Spatial State-Action Features for General Games
- URL: http://arxiv.org/abs/2201.06401v2
- Date: Thu, 4 May 2023 11:43:32 GMT
- Title: Spatial State-Action Features for General Games
- Authors: Dennis J.N.J. Soemers and \'Eric Piette and Matthew Stephenson and
Cameron Browne
- Abstract summary: We formulate a design and efficient implementation of spatial state-action features for general games.
These are patterns that can be trained to incentivise or disincentivise actions based on whether or not they match variables of the state in a local area.
We propose an efficient approach for evaluating active features for any given set of features.

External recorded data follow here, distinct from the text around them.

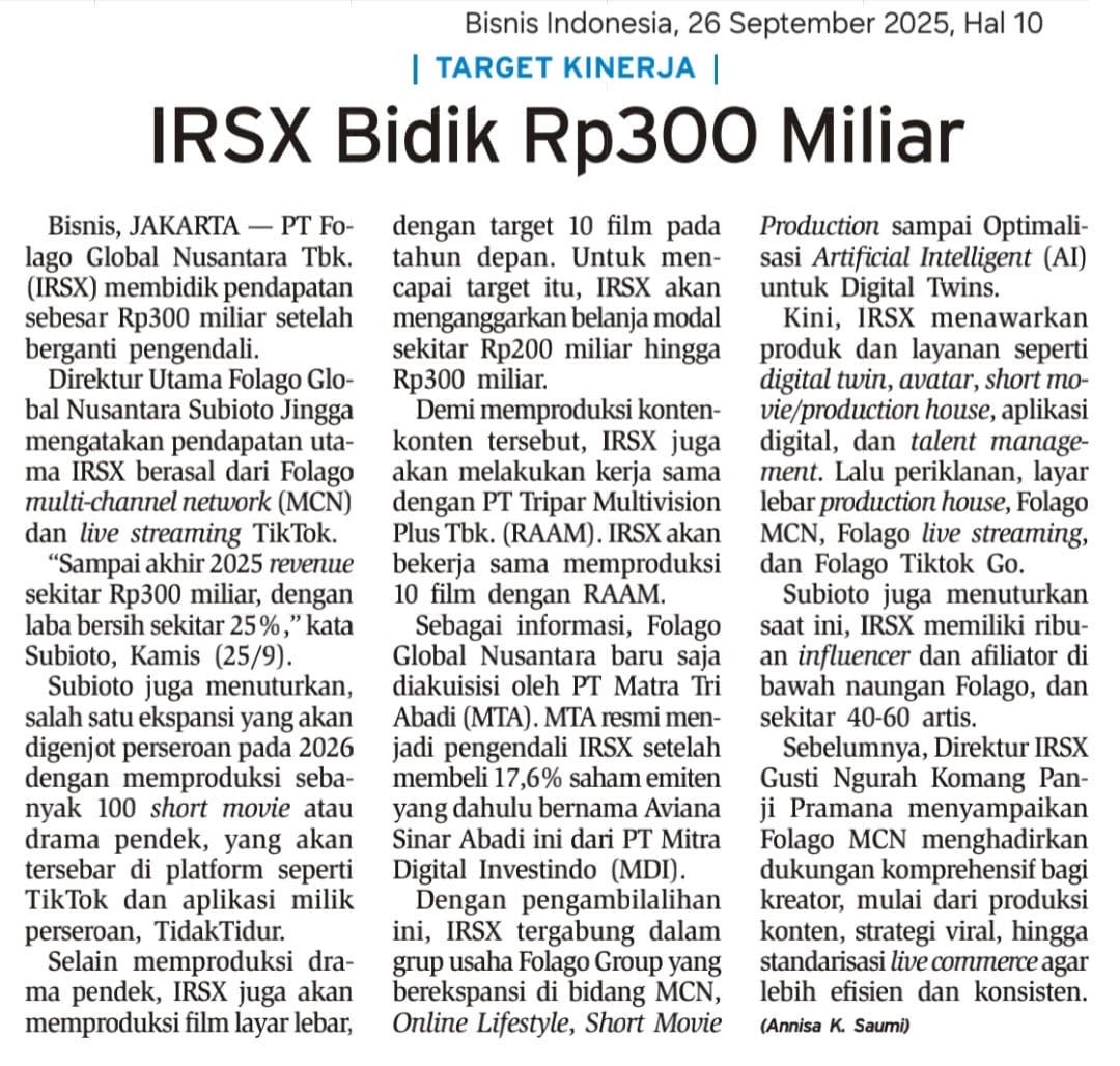 Folago (IRSX) Pacu Bisnis Film, Gandeng Multivision (RAAM)
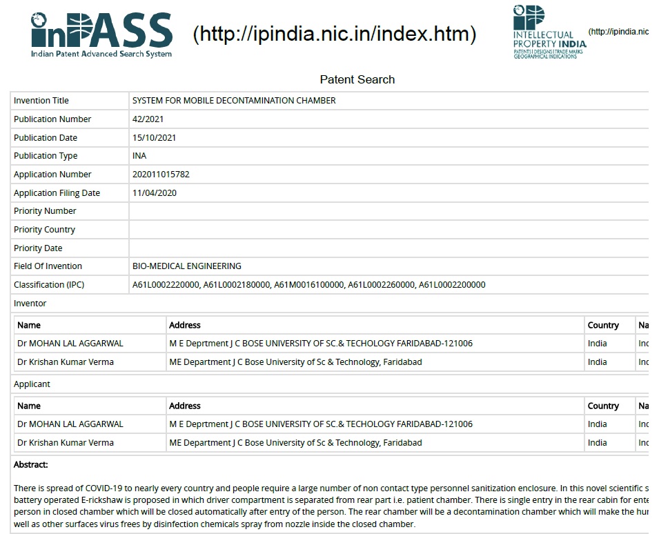 | 13 | Dr. Mohan Lal Aggarwal | 202011015782 A | System for Mobile Decontamination Chamber | 15.10.2021 | view/Download |
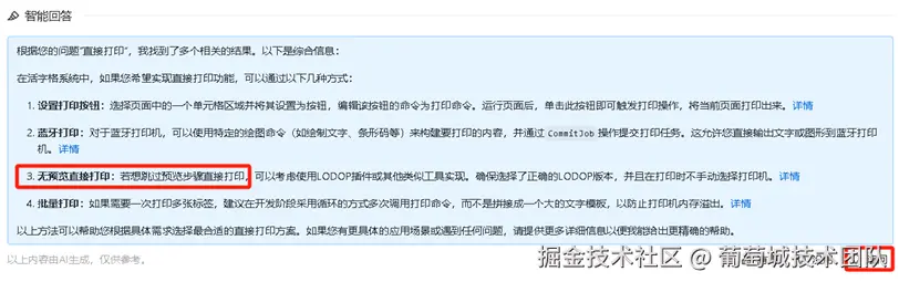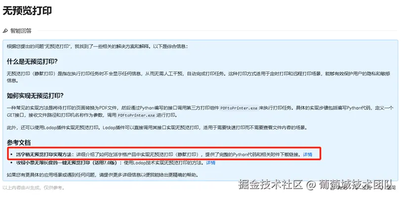 得到的结果里,第一个就是一份很全面的打印方案,里面第四部分就有静默打印的完整方案。
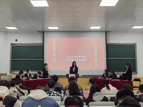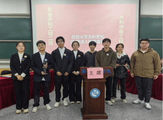 本次比赛以“在校大学生是积累知识/塑造人格更重要”为主题,双方在比赛过程中展现了出色的口才和逻辑思维能力,通过引经据典表达深入的见解,现场气氛十分热烈,为观众带来了一场精彩的智力对决。农业水利工程02班获得最终胜利,选手程爵财获得”最佳辩手”称号。
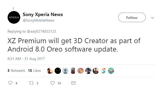 Da das im Frühjahr vorgestellte Xperia XZ Premium ebenfalls über den gleichen Snapdragon 835-Prozessor und Sonys Motion Eye-Kamera verfügt, wurde der japanische Hersteller offenbar mit einigen Anfragen interessierter XZ Premium-Besitzer konfrontiert. Via Twitter stellte Sony kürzlich klar, dass auch das 4K-Flaggschiff die 3D Creator-App im Zuge des geplanten Android Oreo-Updates bekommen und dann mit dem Xperia XZ1 gleichziehen wird. Auch einige nicht näher erläuterte Kamera-Verbesserungen sollen Teil dieses Updates sein.
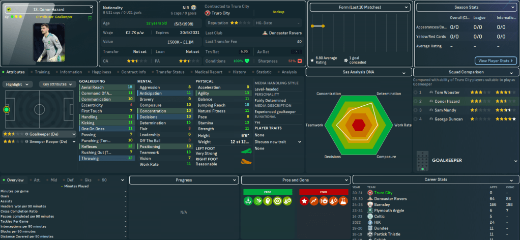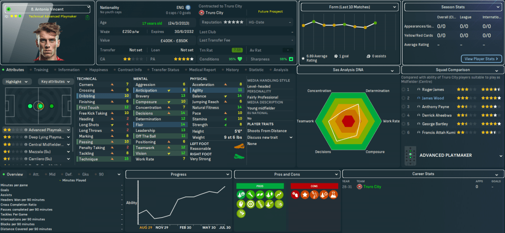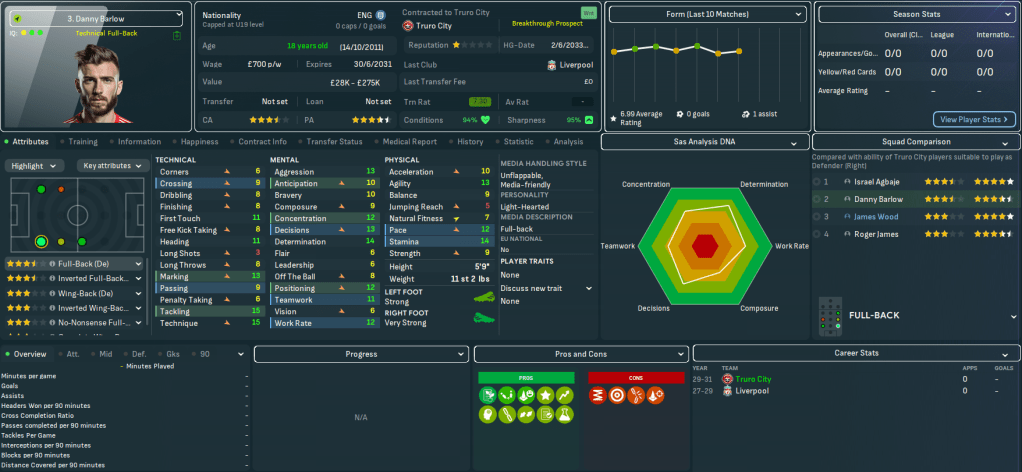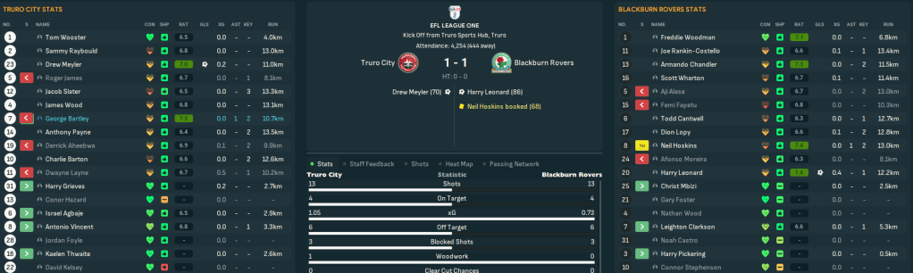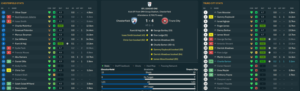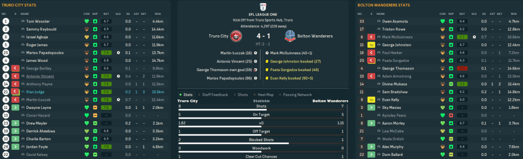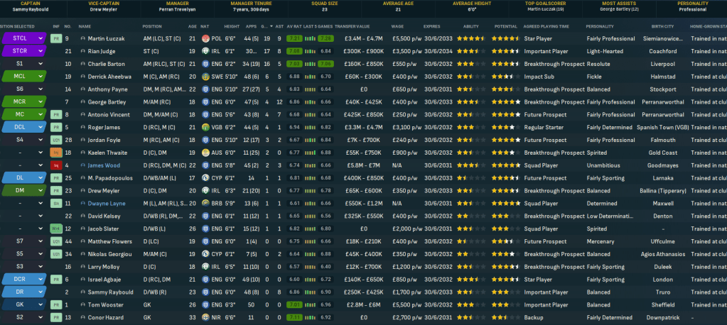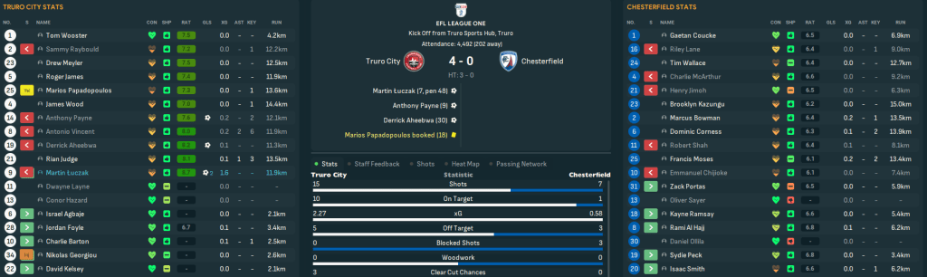 For the first time in this save, Truro began the season with a home game. They welcomed QPR down to Cornwall and a solid defensive effort and Judge’s late debut goal off the bench earned a deserved 1-0 victory as he latched onto Vincent’s pass for a debut assist. There was more of the same at Bolton as Tom Wooster made seven saves before Bartley beat two men to curl in his first senior goal on 84 minutes. Truro hit the top of League One for the first time as Vincent’s 35-yard wondergoal led a 3-1 win at home to Blackpool and stayed there as Bartley, Judge, Aheebwa and Barton secured a 4-1 thrashing of Chesterfield.
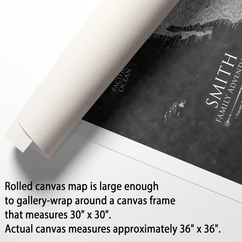 - LIGHTWEIGHT READY-TO-HANG OPTIONS AVAILABLE so you can start pinning your travels right away (Framed or Gallery-Wrapped). Or choose a Rolled map that you can finish off however you'd like. See the listing photos for examples of each. All our maps are proudly HANDMADE IN THE USA.

- Score: 5.849736173068868
- License: http://arxiv.org/licenses/nonexclusive-distrib/1.0/
- Abstract: In many board games and other abstract games, patterns have been used as
features that can guide automated game-playing agents. Such patterns or
features often represent particular configurations of pieces, empty positions,
etc., which may be relevant for a game's strategies. Their use has been
particularly prevalent in the game of Go, but also many other games used as
benchmarks for AI research. In this paper, we formulate a design and efficient
implementation of spatial state-action features for general games. These are
patterns that can be trained to incentivise or disincentivise actions based on
whether or not they match variables of the state in a local area around action
variables. We provide extensive details on several design and implementation
choices, with a primary focus on achieving a high degree of generality to
support a wide variety of different games using different board geometries or
other graphs. Secondly, we propose an efficient approach for evaluating active
features for any given set of features. In this approach, we take inspiration
from heuristics used in problems such as SAT to optimise the order in which
parts of patterns are matched and prune unnecessary evaluations. This approach
is defined for a highly general and abstract description of the problem --
phrased as optimising the order in which propositions of formulas in
disjunctive normal form are evaluated -- and may therefore also be of interest
to other types of problems than board games. An empirical evaluation on 33
distinct games in the Ludii general game system demonstrates the efficiency of
this approach in comparison to a naive baseline, as well as a baseline based on
prefix trees, and demonstrates that the additional efficiency significantly
improves the playing strength of agents using the features to guide search.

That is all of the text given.